Habe heute erfahren, dass ich morgen einen Test mit dieser oder einer ähnlichen Aufgabe schreiben werde und weis nicht was daran falsch ist.

Kann mir wer helfen?

Habe bis jetzt noch nix mit char gemacht

Danke

KlemensyXYZ


----------



## nrg (8. Nov 2010)

if (i == 1 && i == 2 && i == 3 && i == 5) ?????

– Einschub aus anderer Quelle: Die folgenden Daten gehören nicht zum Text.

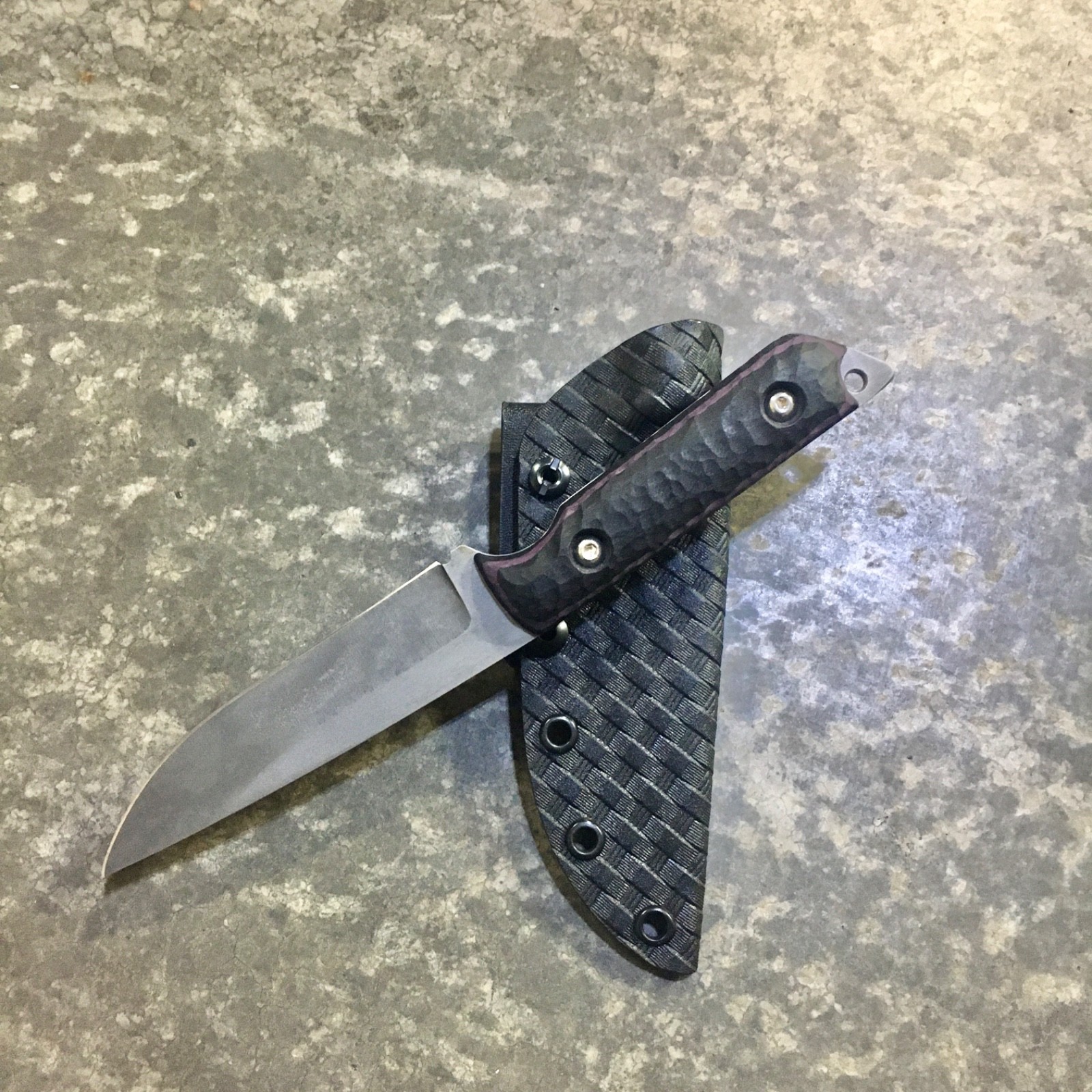 stone textured G-10 handle scales - black wand purple
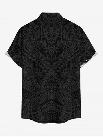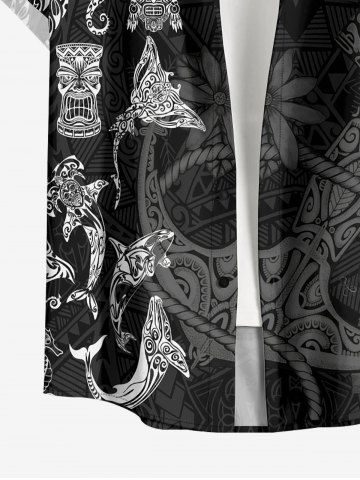 Plus Size Masks Fish Butterfly Sea Horse Ethnic Pattern Print Buttons Pocket Hawaii Shirt For Men - Black - 6xl

if (i == 3 && i == 4) ?????

wie kann ein primitiver Datentyp gleichzeitig mehrere Werte haben?


----------



## Marcinek (8. Nov 2010)

i kann nicht mehrere Zustände gleichzeig annahemen

(i == 1 && i == 2 && i == 3 && i == 5)



Diese Zeile ist noch nicht korrekt:


```
(char)zahlenFeld[i] = bs;
```



wenn dann musst du bs nach char casten. 
	
	
	
	





```
(char)bs
```
;

Ich würde für das einlesen einen Scanner verwenden.


----------



## KlemensyXYZ (8. Nov 2010)

Marcinek hat gesagt.:


> i kann nicht mehrere Zustände gleichzeig annahemen
> 
> (i == 1 && i == 2 && i == 3 && i == 5)
> 
> Ich würde für das einlesen einen Scanner verwenden.



also immer so:

if (i == 1)
bla

if (i ==2)
bla

usw?


ähm und den scanner _darf_ ich nicht benutzen :noe:


----------



## Andi_CH (8. Nov 2010)

Lies doch einfach char ein - kannst ja immer noch überprüfen ob der im Bereich '0'-'1' ist wenn es denn so sein muss


----------



## KlemensyXYZ (8. Nov 2010)

wie les ich denn einen char ein??

habe das noch nie gemacht

edit:
habe grade von nem klassenkameraden erfahren, dass wir das nicht einlesen müssen

hier ein zweiter versuch der if schleife:


```
for (int i = 0; i < anzahlElemente; i++)
		{
			if (i == 0)
			{
				zahlenFeld[i] = 1;
			}
			
			if (i == 1)
			{
				zahlenFeld[i] = 5;
			}
			
			if (i == 2)
			{
				zahlenFeld[i] = 7;
			}
			
			if (i == 3)
			{
				char x;
				x = s;
				
				zahlenFeld[i] = x;
			}
			
			if (i == 4)
			{
				char y;
				y = x;
				
				zahlenFeld[i] = y;
			}
			
			if (i == 5)
			
			{
				zahlenFeld[i] = 2;
			}	
			
		}
```

das mit dem char funzt aber immer noch nicht


----------



## Andi_CH (8. Nov 2010)

Also wenn ich genau hinschaue machst du es schon -> Zeile 30 in deinem Code

In dem String hast du ganz viele characters drin ;-)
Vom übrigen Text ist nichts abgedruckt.